-- What is being asked --
Only the pictures are to be left out; the listing itself is repeated exactly.

*** Opening Data supplied ***

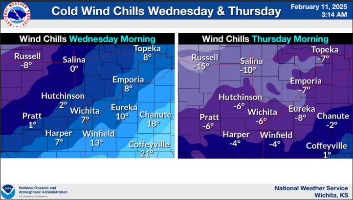 Bitterly cold wind chills are expected Wednesday and Thursday mornings with values as cold as 18 below.
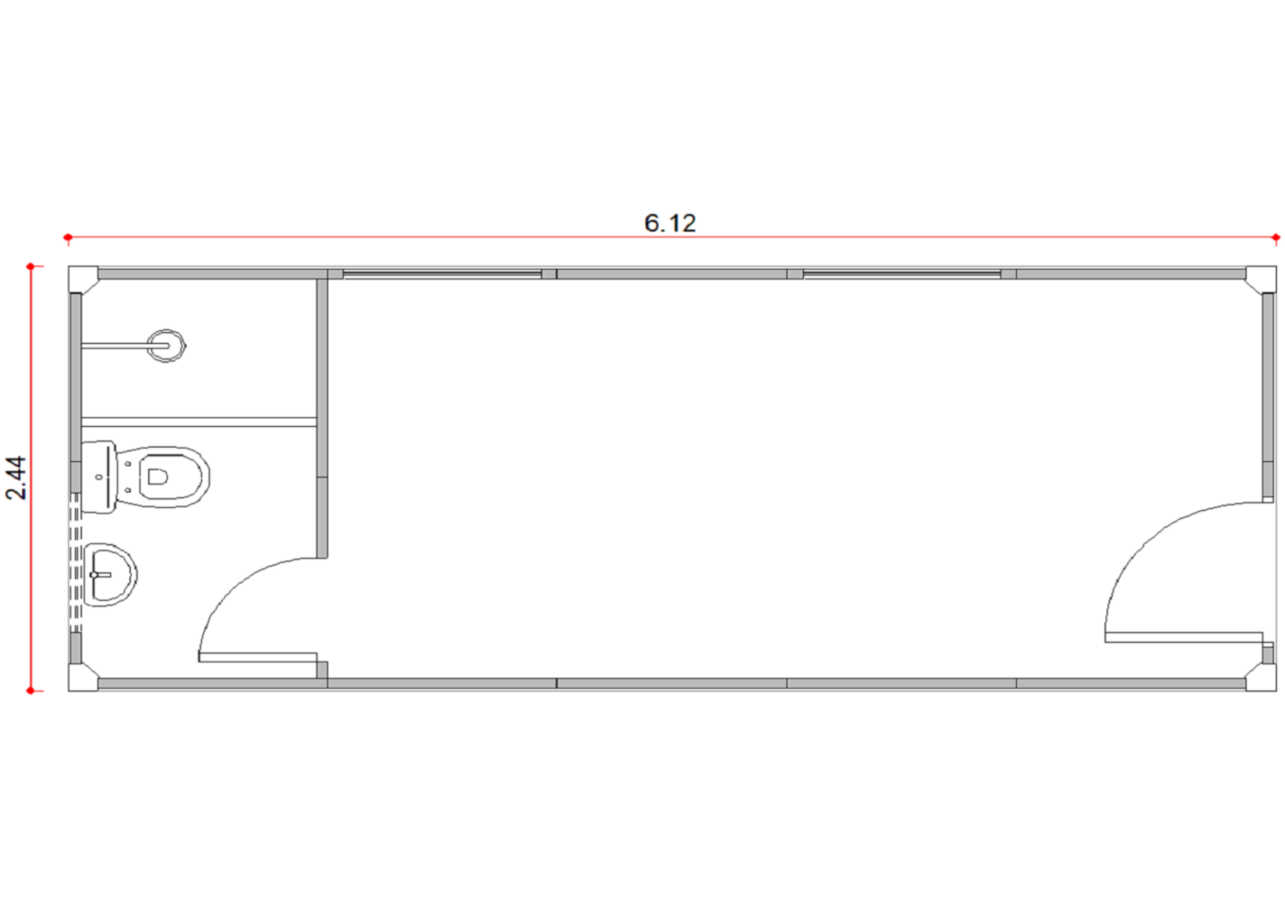Módulo Habitável série CE com paredes em termo painel medindo 6,12 x 2,44 x 2,85m (C x L x Aext), contendo 01 porta externa com fechadura, 02 janelas laterais com vidro do tipo deslizante, 01 ponto físico para condicionador de ar, instalação elétrica (03 tomadas, 02 interruptores conjugados, 01 ponto para chuveiro quente, 03 luminárias de LED, 01 exaustor e 01 quadro elétrico), 01 ponto físico para rede lógica (sem cabeamento), 01 porta interna com fechadura, 01 vaso sanitário, 01 chuveiro frio, 01 papeleira, 01 saboneteira, 01 pia lavatória e piso em manta vinílica ou grão de arroz.
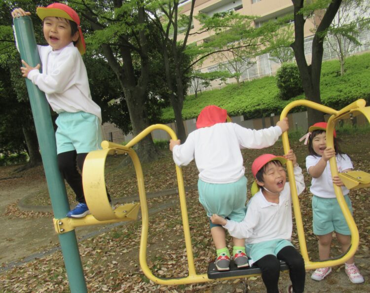 🦁🐘第三公園で遊んだよ🌱🦁🐘 一緒に第三公園で遊びにいきました🌱 るんるんで出かけた子どもたち バッタを見つけました🔍 袖にとまって大盛り上がり☺️ こちらの遊具では、 激しく揺れて楽しんでいました☺️ カテゴリ: 塩釜口(4~5歳) タグ:
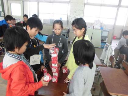 たてわりグループで集まり,牛乳パック積みをして遊びました。
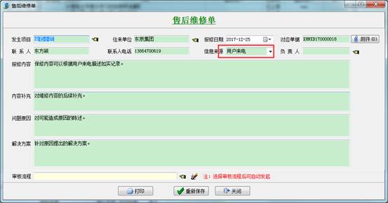 第一種情況:用戶直接來電,我方自行登記售后維修單;
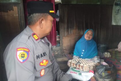 Langkat – Kapolsek Hinai, AKP Hari Mulyadi, melaksanakan kegiatan sambang kamtibmas sekaligus penyerahan bantuan sembako kepada warga kurang mampu di Dusun VIII, Desa Batu Melenggang, Kecamatan ...

*** Closing Data supplied ***

-- Answer section --
 Bitterly cold wind chills are expected Wednesday and Thursday mornings with values as cold as 18 below.
Módulo Habitável série CE com paredes em termo painel medindo 6,12 x 2,44 x 2,85m (C x L x Aext), contendo 01 porta externa com fechadura, 02 janelas laterais com vidro do tipo deslizante, 01 ponto físico para condicionador de ar, instalação elétrica (03 tomadas, 02 interruptores conjugados, 01 ponto para chuveiro quente, 03 luminárias de LED, 01 exaustor e 01 quadro elétrico), 01 ponto físico para rede lógica (sem cabeamento), 01 porta interna com fechadura, 01 vaso sanitário, 01 chuveiro frio, 01 papeleira, 01 saboneteira, 01 pia lavatória e piso em manta vinílica ou grão de arroz.
 🦁🐘第三公園で遊んだよ🌱🦁🐘 一緒に第三公園で遊びにいきました🌱 るんるんで出かけた子どもたち バッタを見つけました🔍 袖にとまって大盛り上がり☺️ こちらの遊具では、 激しく揺れて楽しんでいました☺️ カテゴリ: 塩釜口(4~5歳) タグ:
 たてわりグループで集まり,牛乳パック積みをして遊びました。
 第一種情況:用戶直接來電,我方自行登記售后維修單;
 Langkat – Kapolsek Hinai, AKP Hari Mulyadi, melaksanakan kegiatan sambang kamtibmas sekaligus penyerahan bantuan sembako kepada warga kurang mampu di Dusun VIII, Desa Batu Melenggang, Kecamatan ...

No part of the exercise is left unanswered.